Jan 03, 2008 16:53
So, I received a bill, due tomorrow, from MCLA for $737. And I just paid rent. I think after this, I will have $30 or less to my name until Jan. 10. I guess that's do able, but it does suck. Also, MCLA used the loan I thought I would use for the rest of the semster's rent for my tuition, so now I have to come up with rent for the next five months. Normally, my dad pays the tuituion and I pay housing, but he never saw the bill because my mom got it, and didn't give it to him. I wanna ask him to pay at least the $737 but we're not on the best of terms. This I also partly blame on my mother.
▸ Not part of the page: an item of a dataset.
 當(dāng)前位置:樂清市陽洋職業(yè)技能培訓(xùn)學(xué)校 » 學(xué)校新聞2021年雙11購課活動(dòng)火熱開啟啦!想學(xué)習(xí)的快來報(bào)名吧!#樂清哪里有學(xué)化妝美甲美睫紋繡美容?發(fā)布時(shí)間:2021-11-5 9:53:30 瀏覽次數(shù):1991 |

I stayed an entire two days with at my parents' homes until my family had driven me to go back to North Adams. All of them except my dad were assholes and I just couldn't stand to be with them when I knew I had a lovely apartment and a boyfriend I could spend my time with. There's the issue. As I'm approaching the bus station, my mother calls my dad and blurts out to him that marley moved in with me, which I was waiting for the right time to tell him about. I guess I should have done so sooner, but it never seemed to be the right time. Of course, my father being the devout Catholic that he was upset to hear that his first born daughter is living in sin. And she also told him about another situation regarding marley that is also not too great. So now, my dad wants to come visit me and have a discussion about my "poor life choices." He's upset that I decided not to go to Japan, he's upset that I'm living with my boyfriend, and I think he's upset that marley is my boyfriend.
I guess from an outside perspective I might worry about me too. I would tell a friend to never give up an opportunity just for a boy, but I really think he and I are going to have a future together. And maybe he and I did rush things a bit by moving in together just after three months. But I love him, and we're happy. I'm happier than I have been in a long time, and I don't think I would be if I was making poor life decisions. I wish I could convince my parents of that. I know my situation isn't perfect, and I don't expect it to be. marley and I have stupid little fights, and he gets annoyed at my messiness and I get annoyed at his assholeness, but I can't imagine living in my apartment without him now.
I just hope things work themselves out. I have a crazy semester up ahead, a lot of classes, an internship, and a part-time job. It stresses me out just thinking about it, but at least when it's over, it's over and I will get my two degreees. And hopefully a decent job thereafter. or winning the lottery.
Sorry to everyone I didn't see this break, which was pretty much everyone, I was hoping to stay in the Springfield area and visit lots of people, but it didn't work out that way.
But everyone is welcome to visit!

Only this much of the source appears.